◆ **Exercise directions**
Copy the lines below exactly, starting at the one with "Stay organized and" and ending at the one with "4715308А Серьги из", and leave out any picture.

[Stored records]
· · ·

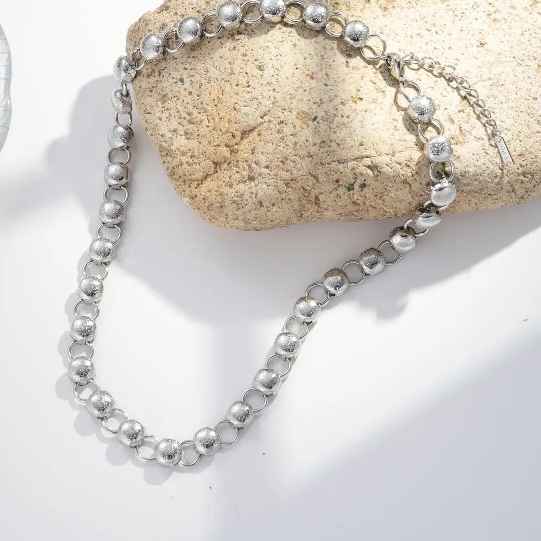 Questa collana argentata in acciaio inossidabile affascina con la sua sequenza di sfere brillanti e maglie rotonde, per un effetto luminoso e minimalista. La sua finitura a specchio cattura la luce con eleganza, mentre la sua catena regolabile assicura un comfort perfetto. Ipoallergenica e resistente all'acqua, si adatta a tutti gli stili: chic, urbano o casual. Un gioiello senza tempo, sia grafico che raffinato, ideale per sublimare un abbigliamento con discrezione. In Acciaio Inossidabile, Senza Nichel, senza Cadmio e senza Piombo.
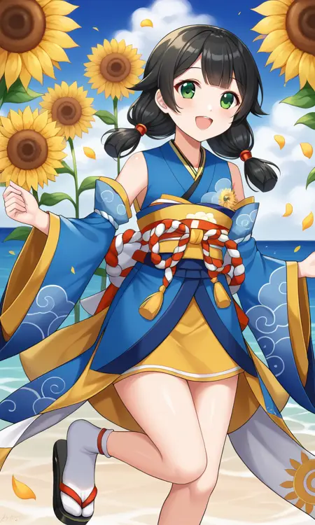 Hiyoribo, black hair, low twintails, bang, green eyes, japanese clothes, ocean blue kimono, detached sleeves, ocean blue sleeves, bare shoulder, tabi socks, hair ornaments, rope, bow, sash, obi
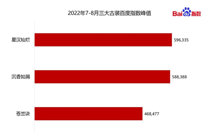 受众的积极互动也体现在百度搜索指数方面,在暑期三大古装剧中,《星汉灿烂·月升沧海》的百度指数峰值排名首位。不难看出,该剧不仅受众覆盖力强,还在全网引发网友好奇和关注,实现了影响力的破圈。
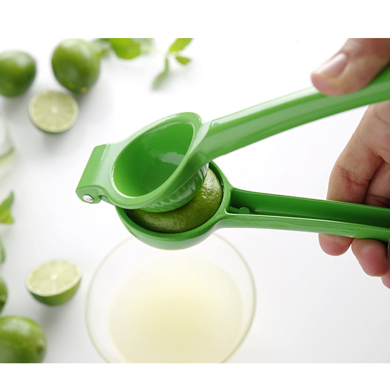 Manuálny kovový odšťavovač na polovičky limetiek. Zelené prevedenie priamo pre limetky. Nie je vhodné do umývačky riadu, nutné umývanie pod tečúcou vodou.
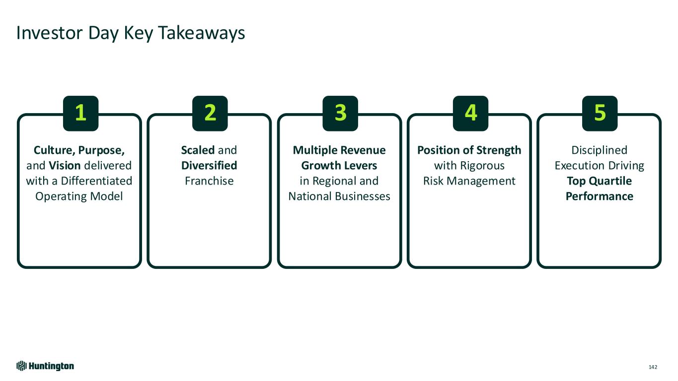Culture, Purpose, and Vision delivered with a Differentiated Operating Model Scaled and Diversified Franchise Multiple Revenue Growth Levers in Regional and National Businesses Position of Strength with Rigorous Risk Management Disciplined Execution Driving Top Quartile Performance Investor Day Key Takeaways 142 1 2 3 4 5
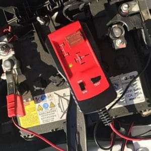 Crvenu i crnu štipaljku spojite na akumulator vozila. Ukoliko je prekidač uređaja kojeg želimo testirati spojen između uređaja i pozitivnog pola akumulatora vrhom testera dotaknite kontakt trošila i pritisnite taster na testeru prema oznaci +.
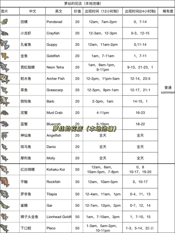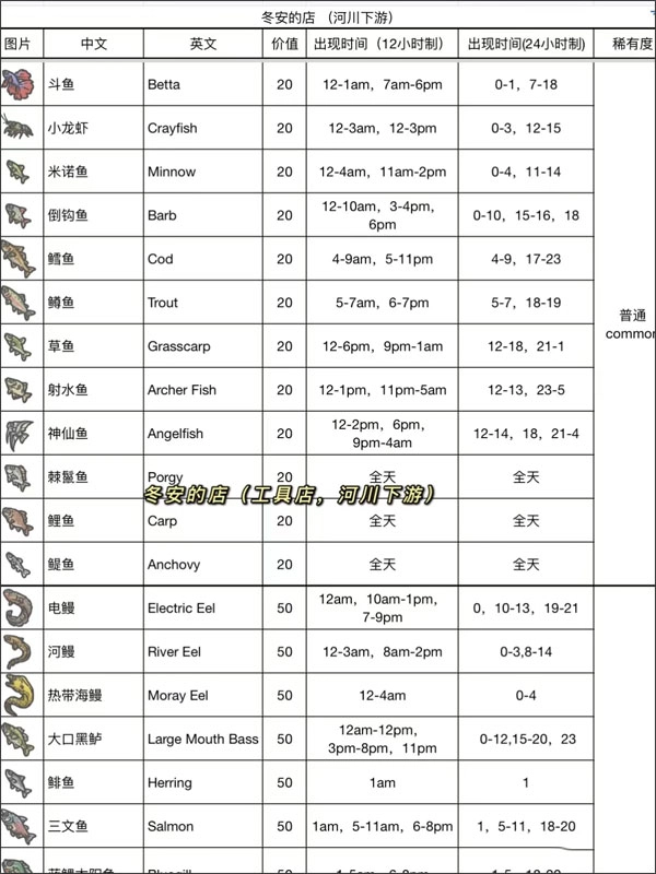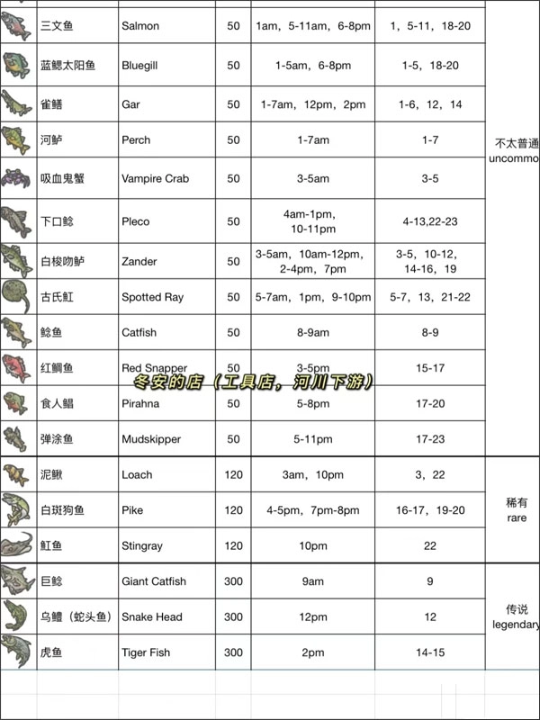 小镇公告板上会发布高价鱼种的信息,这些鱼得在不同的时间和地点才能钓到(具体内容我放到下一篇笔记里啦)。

· · ·

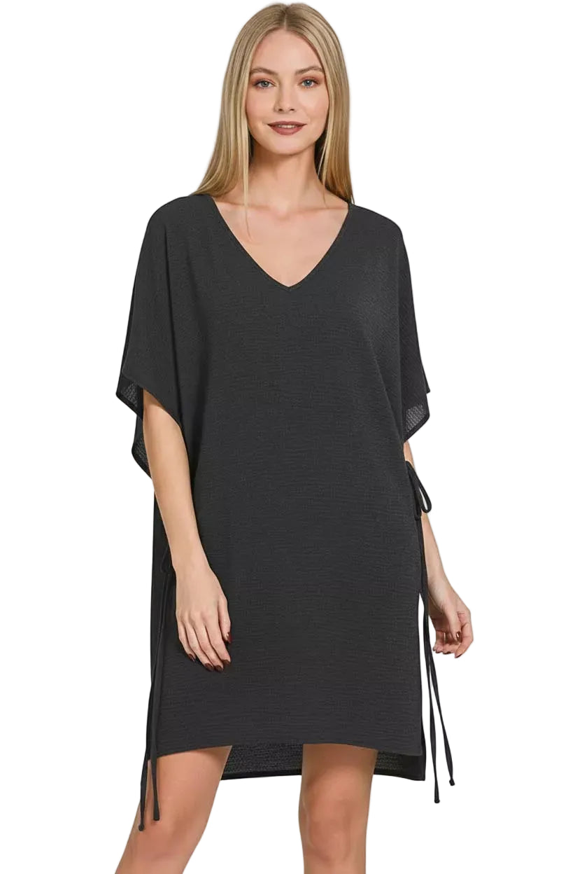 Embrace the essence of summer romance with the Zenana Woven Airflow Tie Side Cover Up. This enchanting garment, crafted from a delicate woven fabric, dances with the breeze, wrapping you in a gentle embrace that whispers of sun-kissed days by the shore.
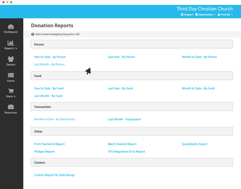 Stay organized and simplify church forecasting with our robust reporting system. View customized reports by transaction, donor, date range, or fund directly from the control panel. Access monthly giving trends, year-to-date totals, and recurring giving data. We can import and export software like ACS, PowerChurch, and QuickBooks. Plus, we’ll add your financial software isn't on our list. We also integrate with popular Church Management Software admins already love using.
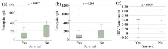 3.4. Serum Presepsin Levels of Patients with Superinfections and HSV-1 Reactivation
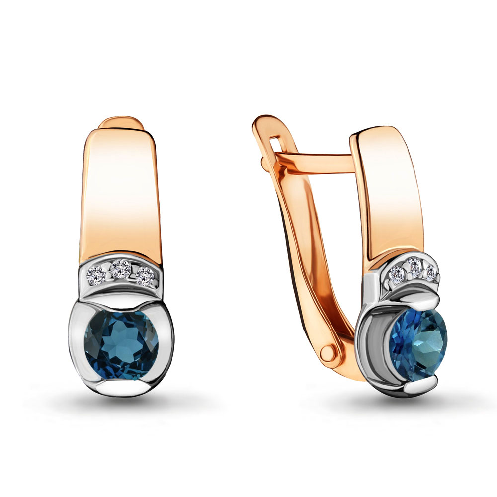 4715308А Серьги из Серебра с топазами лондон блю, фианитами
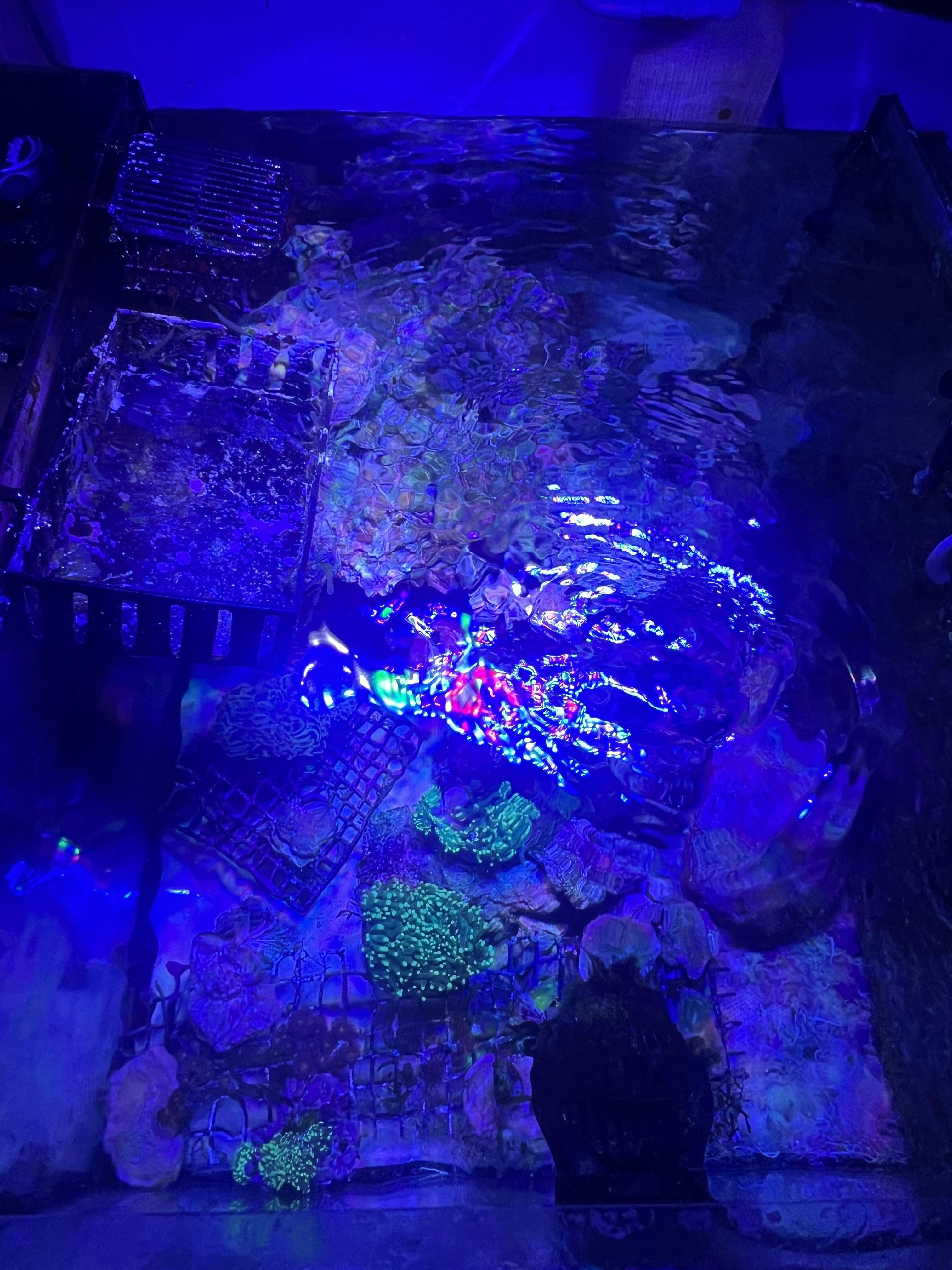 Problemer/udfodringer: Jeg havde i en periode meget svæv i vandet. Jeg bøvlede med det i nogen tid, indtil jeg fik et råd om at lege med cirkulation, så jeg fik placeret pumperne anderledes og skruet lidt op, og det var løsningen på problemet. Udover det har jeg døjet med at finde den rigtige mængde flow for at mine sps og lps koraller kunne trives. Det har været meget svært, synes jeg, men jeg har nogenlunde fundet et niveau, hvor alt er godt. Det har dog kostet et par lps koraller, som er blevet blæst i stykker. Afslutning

· · ·

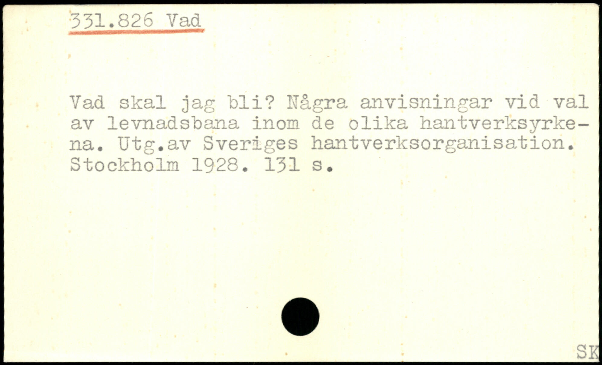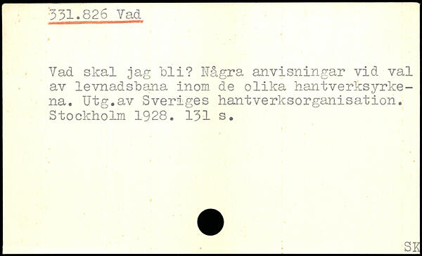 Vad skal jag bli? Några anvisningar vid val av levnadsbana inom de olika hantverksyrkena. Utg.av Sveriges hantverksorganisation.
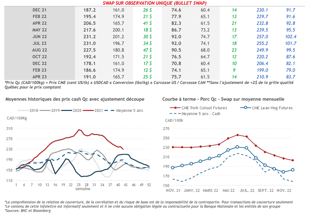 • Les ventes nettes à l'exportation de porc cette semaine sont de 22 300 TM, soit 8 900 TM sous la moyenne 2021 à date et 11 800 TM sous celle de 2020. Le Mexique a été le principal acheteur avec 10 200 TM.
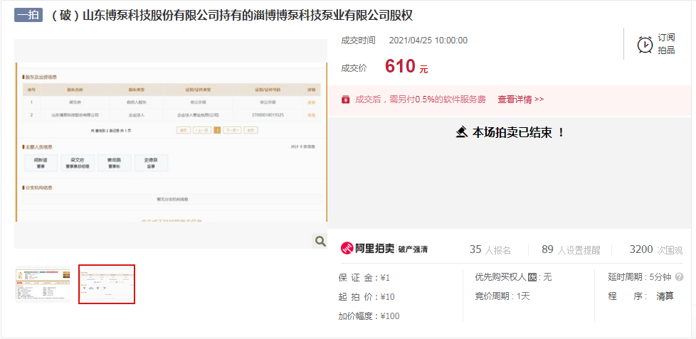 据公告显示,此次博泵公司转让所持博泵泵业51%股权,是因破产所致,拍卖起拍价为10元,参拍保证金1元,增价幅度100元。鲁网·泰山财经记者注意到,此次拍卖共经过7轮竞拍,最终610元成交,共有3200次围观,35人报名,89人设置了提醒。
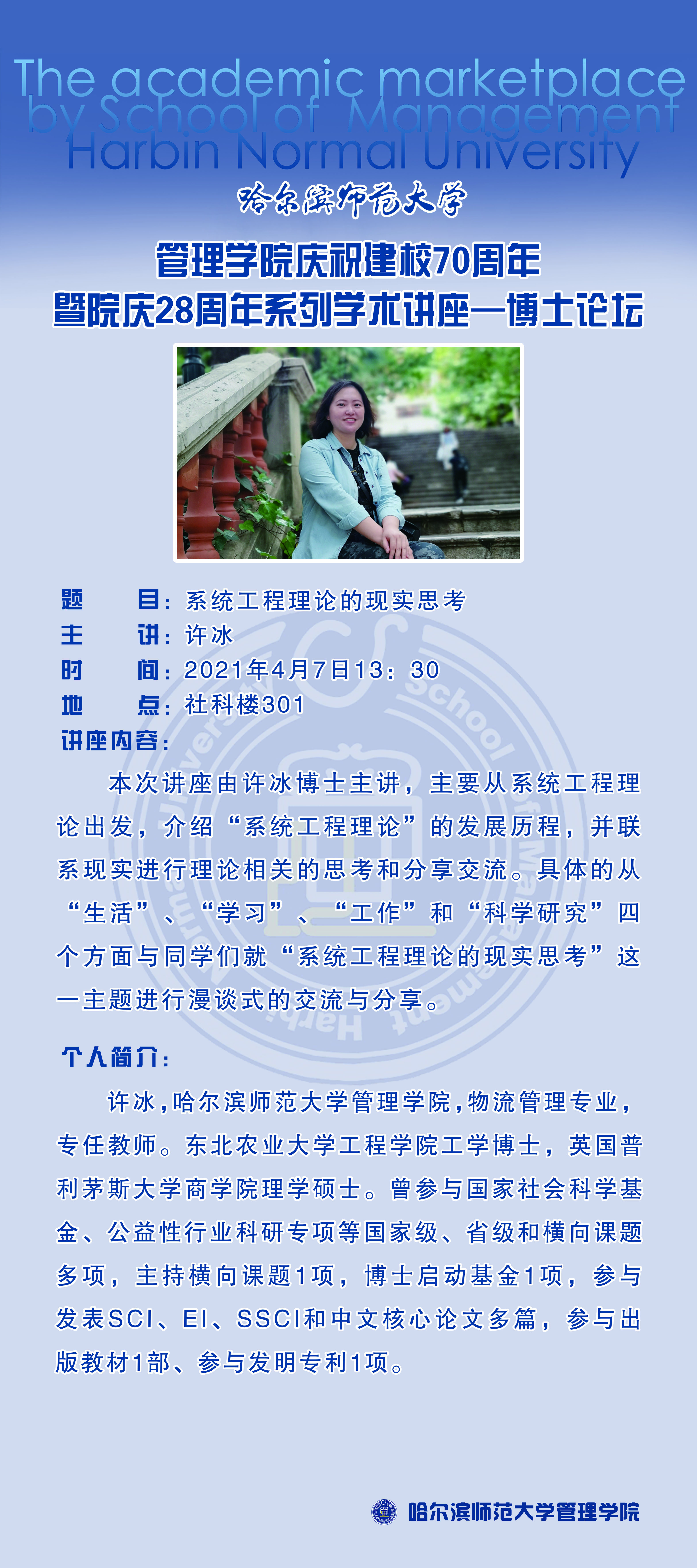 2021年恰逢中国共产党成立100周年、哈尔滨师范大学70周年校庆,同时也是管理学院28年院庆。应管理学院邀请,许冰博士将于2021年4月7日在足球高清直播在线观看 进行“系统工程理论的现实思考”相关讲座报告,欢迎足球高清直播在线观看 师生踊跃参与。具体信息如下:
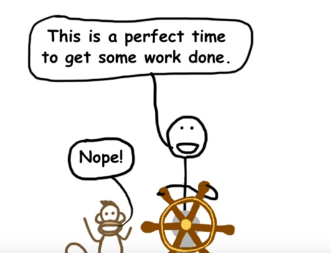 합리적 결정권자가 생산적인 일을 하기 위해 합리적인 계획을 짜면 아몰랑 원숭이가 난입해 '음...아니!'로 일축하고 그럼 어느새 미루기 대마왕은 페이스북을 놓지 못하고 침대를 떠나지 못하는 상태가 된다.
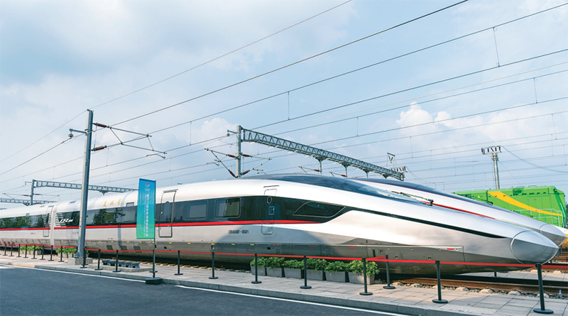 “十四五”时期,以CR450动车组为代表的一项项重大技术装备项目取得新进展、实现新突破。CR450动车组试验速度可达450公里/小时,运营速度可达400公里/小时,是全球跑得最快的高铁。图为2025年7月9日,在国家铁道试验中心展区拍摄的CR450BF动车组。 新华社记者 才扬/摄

· · ·

◆ **Response for this exercise**
 Stay organized and simplify church forecasting with our robust reporting system. View customized reports by transaction, donor, date range, or fund directly from the control panel. Access monthly giving trends, year-to-date totals, and recurring giving data. We can import and export software like ACS, PowerChurch, and QuickBooks. Plus, we’ll add your financial software isn't on our list. We also integrate with popular Church Management Software admins already love using.
 3.4. Serum Presepsin Levels of Patients with Superinfections and HSV-1 Reactivation
 4715308А Серьги из Серебра с топазами лондон блю, фианитами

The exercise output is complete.